Kim’s third trip to China since March comes as Beijing tries to strengthen its role as a mediator between the US and North Korea, where it claims compelling security and economic interests.
The North’s leader, who is believed to have landed in the Chinese capital Tuesday morning, met Xi at Beijing’s ornate Great Hall of the People, according to state broadcaster CCTV.
The young autocrat was given a full ceremonial welcome, including a military revue and a gaggle of adoring children shouting out welcomes.
During the meeting, the two leaders discussed the prospects for denuclearisation on the Korean Peninsula as well as the potential for developing the North’s economy, CCTV reported.
The United States relies on China to enforce UN sanctions against the North, giving Beijing potential leverage in a looming trade war with Washington.
Kim will be in Beijing through Wednesday, state media previously reported.
“We hope this visit will help deepen the China-DPRK (North Korea) relations and strengthen our strategic communication on major issues to promote regional peace and stability,” foreign ministry spokesman Geng Shuang told a regular press briefing.
The visit is Kim’s third to China since March, when he made his inaugural foreign trip as leader.
Previous trips had been kept secret until Kim returned home. It was not clear why Chinese state media broke with the precedent.
In addition to discussing last week’s Singapore summit, Kim is expected to ask China for help in easing economic sanctions in return for his pledge to denuclearise, according to Wang Dong, an international relations expert at Peking University.
“The Chinese and North Korean leaders are carrying out consultations on how to jointly move the Korean nuclear issue forward,” Wang said.
Following the historic summit on June 12, China suggested the UN Security Council could consider easing the economic restrictions on its Cold War-era ally.
China may not have been at the table for the historic summit in Singapore but it retains strong influence behind the scenes, Wang said.
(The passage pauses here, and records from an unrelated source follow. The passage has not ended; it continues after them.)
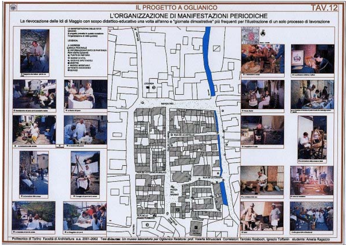
The organization of periodic manifestations to Oglianico

The plan has been faced to a general scale, also considering some lines guide that already imply chosen of greater detail: they are as an example it indicates to you material, it arranges of lighting system and references for the planning of punctual elements like the logo, the penthouse of the shuttle and other street furniture.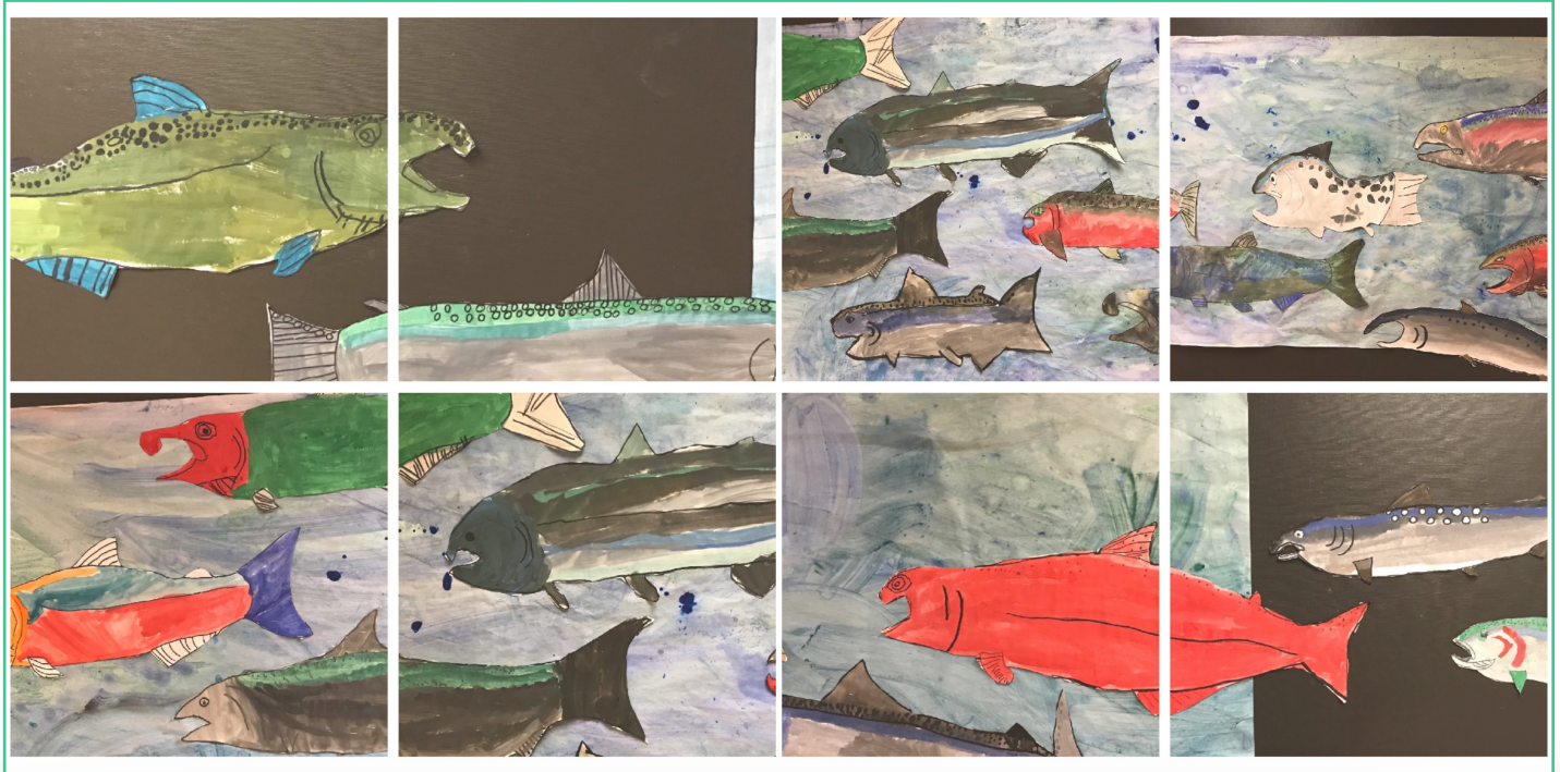
2/3/4 class Salmon paintings

There have been lots of things happening at Fort Rupert. Science experiments are underway in the K/1 classroom. Many of our smallest learners are on their way to becoming successful and confident readers. The 2/3/4s are raising salmon, learning all about their growth cycle, and have gone to the hatchery to extend their learning. The 4/5/6 class has been busy learning about the Canadian government, practicing FITT techniques, and exploring mindfulness through art. The 6/7 class has been learning about Ancient civilizations, practicing French, and strengthening their basic math skills. It is pretty amazing all the learning that is taking place under our roof. Together we also continue to work on social emotional learning strategies.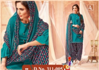
# D.No. 311-005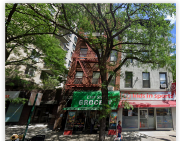
1422 2ND AVE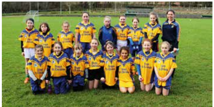
U12 Girls 2016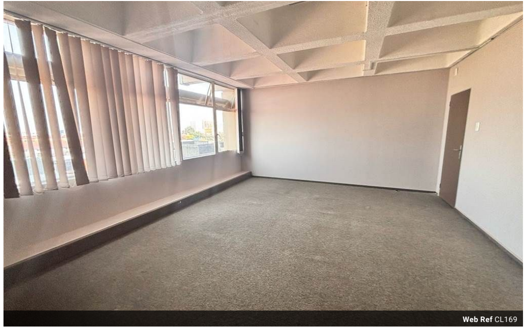
Web Ref CL169

Thornhill Office Park Building 10 84 Bekker Rd Vorna Valley Midrand 1686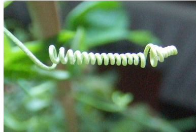
COILS / HELIX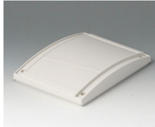
B4013637 Cover S, convex ABS (UL 94 HB) off-white RAL 9002 130x180x28mm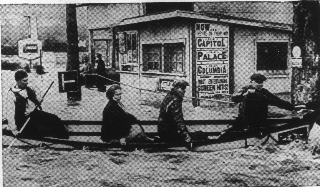
Victims of raging Potomac river flood waters are evacuated from their inundated homes by a rescue boat at Bladensburg, Md. More than 1,000 homeless persons waited for the waters to subside before returning to their dwellings.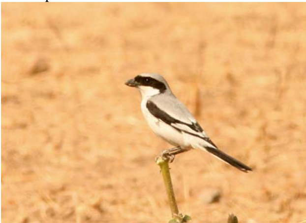
Southern Grey Shrike

One between Agra and Bharatpur, rather common around Ranthambore and between Ranthambore and Jaipur.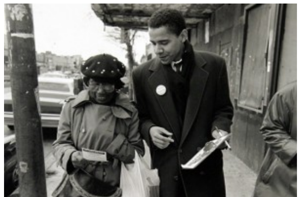
Obama community organizer

Obama comes from a community organizer background where it's us against them. But that's not who we are. And that's not the position the leader of our Nation should take." – Dr. Benjamin Carson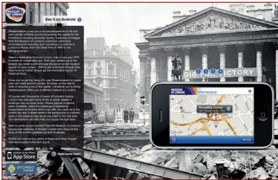
Figure 9. Museum of London, StreetMuseum 2.0, 2014

hidden histories of the city on the especially designed app through the geo-tagged points on the Google-map of the city. The alluring overlays of the contemporary live scene were superimposed side by side together with the historic images drawn from the Museum of London's extensive art and photographic collections. The narrative was further enhanced by the historical information form the curatorial interpretation. Sadly, Streetmuseum is no longer available at the moment but the Museum of London has several other excellent apps for visitors 35 .

The visit shows that China is “key” to the talks, the analyst added. “It reflects that China is indispensible to the entire Korean nuclear issue.”
In a joint statement with Trump following the Singapore summit, Kim pledged to “work toward the complete denuclearisation of the Korean Peninsula”.
Trump hailed this as a concession but critics said the stock phrase long used by Pyongyang stopped short of longstanding US demands for North Korea to give up its atomic arsenal in a “verifiable” and “irreversible” way.
It is now urgent for Xi and Kim to discuss how North Korea will work towards meeting US demands, said Beijing-based international relations commentator Hua Po.
“There may be differences ahead between the DPRK and the US in regards to denuclearisation, because the US wants irreversible and verifiable denuclearisation. It may be difficult for Kim Jong Un to accept,” Hua told AFP.
“Therefore, both China and the DPRK want to strengthen communication and form an overall strategy to deal with the United States going forward,” Hua added.
In return for the denuclearisation pledge, Trump made the shock announcement that he would stop joint military drills with South Korea, long seen as a provocation by Pyongyang and Beijing.
Analysts saw this as a clear sign of Beijing’s influence.
Beijing has repeatedly called for a “suspension for suspension” approach where the North would stop its nuclear and missile tests in exchange for the US and South Korea halting military exercises.
Washington had previously rebuffed the proposal. But on Tuesday, the US and South Korean militaries confirmed they have called off a scheduled major joint exercise following Trump’s order.
Trump had raised eyebrows by describing the exercises as “provocative” — a term used by the North.